4.由于动态的control flow，造成模型没有被完整的trace。看下面的例子：

import torch

def f(x):
    return torch.sqrt(x) if x.sum() > 0 else torch.square(x)

m = torch.jit.trace(f, torch.tensor(3))
print(m.code)

输出为

def f(x: Tensor) -> Tensor:
  return torch.sqrt(x)

可以看到trace后的model只保留了一条分支。因此由于输入造成的dynamic的control flow，trace后容易出现错误。

这种情况下，我们可以使用torch.jit.script来进行TorchScript的转换。

import torch

def f(x):
    return torch.sqrt(x) if x.sum() > 0 else torch.square(x)

m = torch.jit.script(f)
print(m.code)

输出为

def f(x: Tensor) -> Tensor:
  if bool(torch.gt(torch.sum(x), 0)):
    _0 = torch.sqrt(x)
  else:
    _0 = torch.square(x)
  return _0

在大多数情况下，我们应该使用torch.jit.trace，但是像上面的这种dynamic control flow的情况，我们可以混合使用torch.jit.trace和torch.jit.script，在本文后面会进行阐述。

另外在一些blog中，对于dynamic control flow的定义是有错误的，例如if x[0] == 4: x += 1是dynamic control flow，但是

model: nn.Sequential = ...
for m in model:
  x = m(x)

以及

class A(nn.Module):
  backbone: nn.Module
  head: Optiona[nn.Module]
  def forward(self, x):
    x = self.backbone(x)
    if self.head is not None:
        x = self.head(x)
    return x

都不是dynamic control flow。dynamic control flow是由于对输入条件的判断造成的不同分支的执行。

5.trace过程中，将变量trace成了常量。
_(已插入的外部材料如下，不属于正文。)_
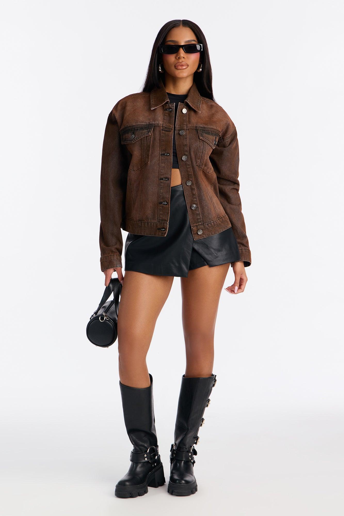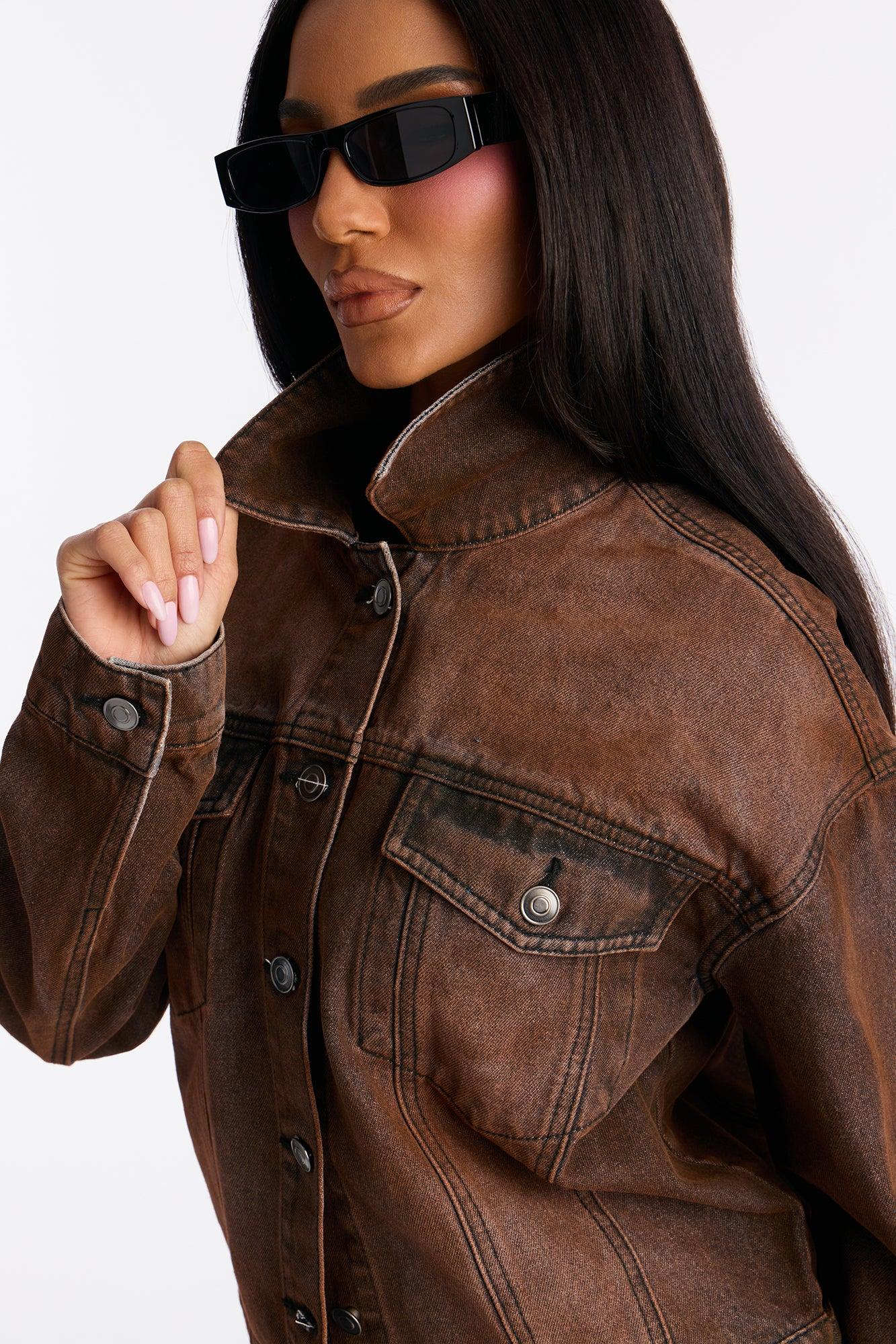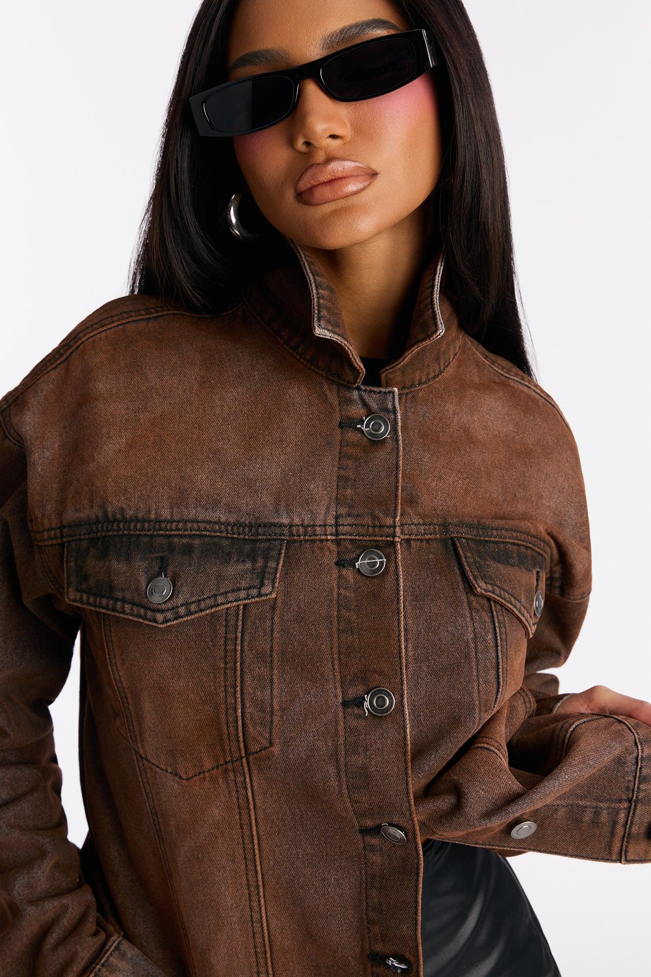 Available In Brown. Denim Jacket Coated Collar Button Closure Front Pockets Non Stretch Disclaimer: Due To The Specialized Wash, Each Garment Is Unique. 75% Cotton 15% Viscose 10% Polyester Imported California Proposition 65WARNING: Cancer and Reproductive Harm - www.P65Warnings.ca.gov.

看下面一个例子

import torch
a, b = torch.rand(1), torch.rand(2)

def f1(x): return torch.arange(x.shape[0])
def f2(x): return torch.arange(len(x))

print(torch.jit.trace(f1, a)(b))
# 输出: tensor([0, 1])
# 可以看到trace后的model是没问题的，这里使用变量a作为torch.jit.trace的example input，然后将转换后的TorchScript用变量b作为输入，正常情况下，b的shape是2维的，因此返回值是tensor([0,1])是正确的

print(torch.jit.trace(f2, a)(b))
# 输出：
# TracerWarning: Using len to get tensor shape might cause the trace to be incorrect. Recommended usage would be tensor.shape[0]. Passing a tensor of different shape might lead to errors or silently give incorrect results.
# tensor([0])
# 可以看到这个输出结果是错误的，b的维度是2维，输出应该是tensor([0,1])，这里torch.jit.trace也提示了，使用len可能会造成不正确的trace。

# 我们打印一下两者的区别
print(torch.jit.trace(f1, a).code, '\n',torch.jit.trace(f2, a).code)
# 输出
# def f1(x: Tensor) -> Tensor:
#   _0 = ops.prim.NumToTensor(torch.size(x, 0))
#   _1 = torch.arange(annotate(number, _0), dtype=None, layout=None, device=torch.device("cpu"), pin_memory=False)
#   return _1

#  def f2(x: Tensor) -> Tensor:
#   _0 = torch.arange(1, dtype=None, layout=None, device=torch.device("cpu"), pin_memory=False)
#   return _0

# TracerWarning: Using len to get tensor shape might cause the trace to be incorrect. Recommended usage would be tensor.shape[0]. Passing a tensor of different shape might lead to errors or silently give incorrect results.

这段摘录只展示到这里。